/GLC19

GeoLifeCLEF 2019

Primary LanguagePythonMIT LicenseMIT

GeoLifeCLEF 2019

Automatically predicting the list of species that are the most likely to be observed at a given location is useful for many scenarios in biodiversity informatics. First of all, it could improve species identification processes and tools by reducing the list of candidate species that are observable at a given location (be they automated, semi-automated or based on classical field guides or flora). More generally, it could facilitate biodiversity inventories through the development of location-based recommendation services (typically on mobile phones) as well as the involvement of non-expert nature observers. Last but not least, it might serve educational purposes thanks to biodiversity discovery applications providing functionalities such as contextualized educational pathways.
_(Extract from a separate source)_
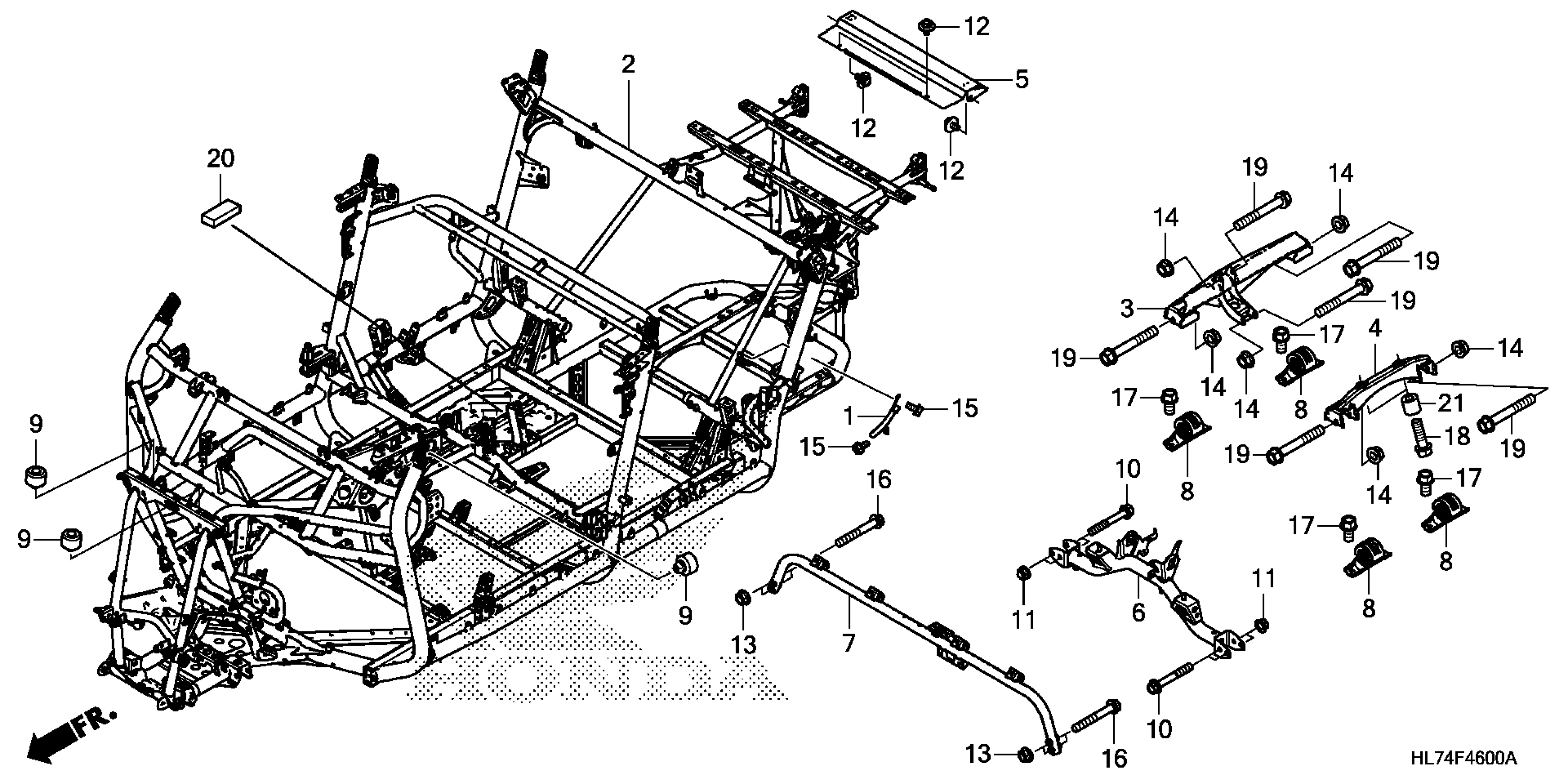 Honda SXS1000S4X5A (21) ALL-TERRAIN VEHICLE (ATV), USA, VIN# 1HFVE06E-M4100001 TO 1HFVE06E-M4199999 FRAME Diagram

The rest of this documents presents (1) the data, and (2) the python code.

1. Data

The data are composed of two parts: the environmental rasters and the actual dataset containing all the occurrences. All the data is downloadable on the CrowdAI page. This section will describe both. You can check the Protocol note for more details.

Environmental Rasters

The rasters are available directly on CrowdAI. The following variables are available:

Name Description Nature Values
CHBIO_1 Annual Mean Temp. (mean of monthly) quanti. [-10.7,18.4]
CHBIO_2 Max-temp - min-temp quanti. [7.8, 21.0]
CHBIO_3 Isothermality (100*2/7) quanti. [41.1,60.0]
CHBIO_4 Temp. seasonality (std.dev*100) quanti. [302.7, 777.8]
CHBIO_5 Max Temp of warmest month quanti. [6.1,36.6]
CHBIO_6 Min Temp of coldest month quanti. [-28.3,5.4]
CHBIO_7 Temp. annual range quanti. [16.7,42.0]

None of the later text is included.